Ещё тест:  http://aeterna.ru/test.php?link=tests:20367

----------


## gRomoZeka

Итак, ваш запас: Ваш словарный запас просто великолепен, вероятно вы профессионально владеете языком и решаете кроссворды с легкостью! 
Хороший тест, но было бы интереснее, если б в конце указывали ошибки.

----------


## Scrabus

Итак, ваш запас: Весьма похвальный результат, указывающий на вполне приличное владение языком

----------


## Ramil

> Ещё тест:  http://aeterna.ru/test.php?link=tests:20367

 Странный тест русского языка, где почти все вопросы на слова иностранного происхождения. 
Кроме того в некоторых вопросах не приводится ни одного правильного ответа.

----------


## gRomoZeka

> Originally Posted by Lampada  Ещё тест:  http://aeterna.ru/test.php?link=tests:20367   Странный тест русского языка, где почти все вопросы на слова иностранного происхождения.
> Кроме того в некоторых вопросах не приводится ни одного правильного ответа.

 Что тут странного?

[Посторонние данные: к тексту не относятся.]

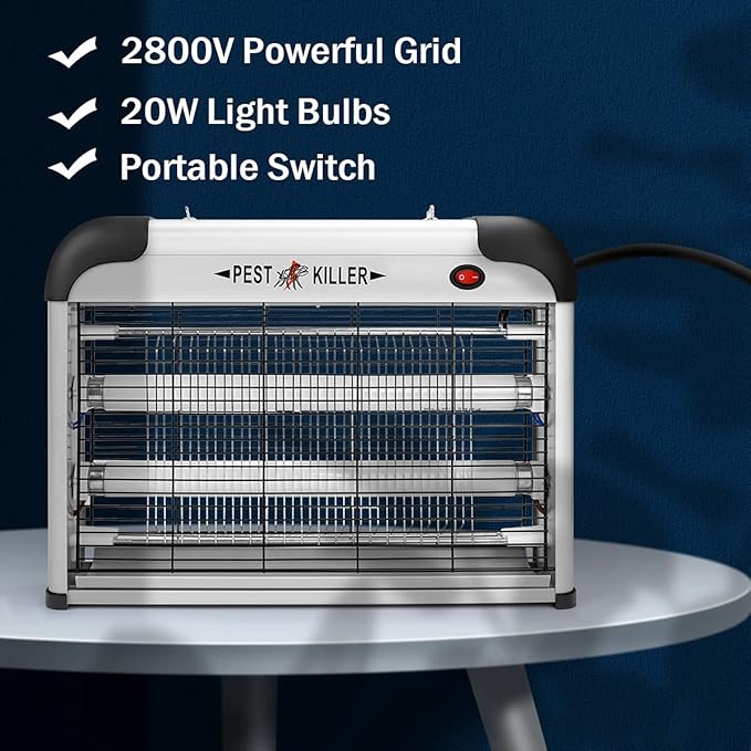 - 2800V Electric Grid: This pest killer is designed to be the strongest with 2800V indoor transformer. It will generally explode smaller insects on impact, wiping out all harmful biting insect with 6,000 sq.feet effective coverage. Save your money and reducing your need to clean the grid.

Тест на величину словарного запаса, а слова иностранного происхождения вызывают больше трудностей. Было бы глупо делать тест на их русские аналоги ("повышение", "честолюбивый"... да-а, очень сложный был бы тест   ::  ). 
А со словом "амбициозный" у автора действительно вышла промашка.  ::  Ни одного правильного варианта ответа, приходится тыкать наугад. Еще одно слово смутило, но с остальными было все ок.

----------


## Ramil

С ортодоксальным там не всё в порядке ещё.

----------


## Орчун

с трудом 95 из 116 ужас  ::

----------


## Lampada

http://jokesland.net.ru/test/zapas.php
27 из 35   ::

----------


## Lampada

http://www.joksland.ru/test/cccp.php
21 из 26   ::

----------


## chaika

20/35  http://jokesland.net.ru/test/zapas.php

----------